### TASK INSTRUCTIONS:
The complete listing should be copied out exactly.

### DATA:
--- --- ---
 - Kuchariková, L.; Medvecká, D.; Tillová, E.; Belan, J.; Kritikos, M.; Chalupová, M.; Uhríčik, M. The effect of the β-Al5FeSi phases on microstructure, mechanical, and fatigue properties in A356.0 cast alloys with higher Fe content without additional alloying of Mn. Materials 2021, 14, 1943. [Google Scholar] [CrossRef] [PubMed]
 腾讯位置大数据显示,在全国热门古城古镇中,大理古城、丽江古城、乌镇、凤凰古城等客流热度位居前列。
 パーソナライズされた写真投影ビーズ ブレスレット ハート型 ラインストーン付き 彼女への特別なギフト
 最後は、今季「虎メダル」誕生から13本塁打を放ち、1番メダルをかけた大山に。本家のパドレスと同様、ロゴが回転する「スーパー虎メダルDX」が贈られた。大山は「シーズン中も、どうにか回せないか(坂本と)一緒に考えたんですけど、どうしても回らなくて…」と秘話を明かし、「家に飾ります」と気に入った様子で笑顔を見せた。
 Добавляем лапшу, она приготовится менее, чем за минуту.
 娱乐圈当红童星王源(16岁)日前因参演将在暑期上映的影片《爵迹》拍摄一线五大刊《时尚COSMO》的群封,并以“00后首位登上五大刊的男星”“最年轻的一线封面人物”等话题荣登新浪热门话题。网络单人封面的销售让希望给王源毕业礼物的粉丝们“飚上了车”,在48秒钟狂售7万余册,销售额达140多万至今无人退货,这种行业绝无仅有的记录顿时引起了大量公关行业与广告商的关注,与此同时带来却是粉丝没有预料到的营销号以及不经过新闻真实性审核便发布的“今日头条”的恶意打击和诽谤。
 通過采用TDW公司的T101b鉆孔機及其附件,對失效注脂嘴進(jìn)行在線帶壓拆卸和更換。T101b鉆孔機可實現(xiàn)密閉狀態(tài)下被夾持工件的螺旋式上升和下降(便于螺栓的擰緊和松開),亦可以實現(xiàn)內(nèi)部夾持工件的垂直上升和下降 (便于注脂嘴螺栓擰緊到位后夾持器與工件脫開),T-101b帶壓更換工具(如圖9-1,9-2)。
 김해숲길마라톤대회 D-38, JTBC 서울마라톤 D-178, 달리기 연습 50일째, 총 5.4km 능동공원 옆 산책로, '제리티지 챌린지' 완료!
--- --- ---
### SOLUTION TO THIS PROBLEM:
 - Kuchariková, L.; Medvecká, D.; Tillová, E.; Belan, J.; Kritikos, M.; Chalupová, M.; Uhríčik, M. The effect of the β-Al5FeSi phases on microstructure, mechanical, and fatigue properties in A356.0 cast alloys with higher Fe content without additional alloying of Mn. Materials 2021, 14, 1943. [Google Scholar] [CrossRef] [PubMed]
 腾讯位置大数据显示,在全国热门古城古镇中,大理古城、丽江古城、乌镇、凤凰古城等客流热度位居前列。
 パーソナライズされた写真投影ビーズ ブレスレット ハート型 ラインストーン付き 彼女への特別なギフト
 最後は、今季「虎メダル」誕生から13本塁打を放ち、1番メダルをかけた大山に。本家のパドレスと同様、ロゴが回転する「スーパー虎メダルDX」が贈られた。大山は「シーズン中も、どうにか回せないか(坂本と)一緒に考えたんですけど、どうしても回らなくて…」と秘話を明かし、「家に飾ります」と気に入った様子で笑顔を見せた。
 Добавляем лапшу, она приготовится менее, чем за минуту.
 娱乐圈当红童星王源(16岁)日前因参演将在暑期上映的影片《爵迹》拍摄一线五大刊《时尚COSMO》的群封,并以“00后首位登上五大刊的男星”“最年轻的一线封面人物”等话题荣登新浪热门话题。网络单人封面的销售让希望给王源毕业礼物的粉丝们“飚上了车”,在48秒钟狂售7万余册,销售额达140多万至今无人退货,这种行业绝无仅有的记录顿时引起了大量公关行业与广告商的关注,与此同时带来却是粉丝没有预料到的营销号以及不经过新闻真实性审核便发布的“今日头条”的恶意打击和诽谤。
 通過采用TDW公司的T101b鉆孔機及其附件,對失效注脂嘴進(jìn)行在線帶壓拆卸和更換。T101b鉆孔機可實現(xiàn)密閉狀態(tài)下被夾持工件的螺旋式上升和下降(便于螺栓的擰緊和松開),亦可以實現(xiàn)內(nèi)部夾持工件的垂直上升和下降 (便于注脂嘴螺栓擰緊到位后夾持器與工件脫開),T-101b帶壓更換工具(如圖9-1,9-2)。
 김해숲길마라톤대회 D-38, JTBC 서울마라톤 D-178, 달리기 연습 50일째, 총 5.4km 능동공원 옆 산책로, '제리티지 챌린지' 완료!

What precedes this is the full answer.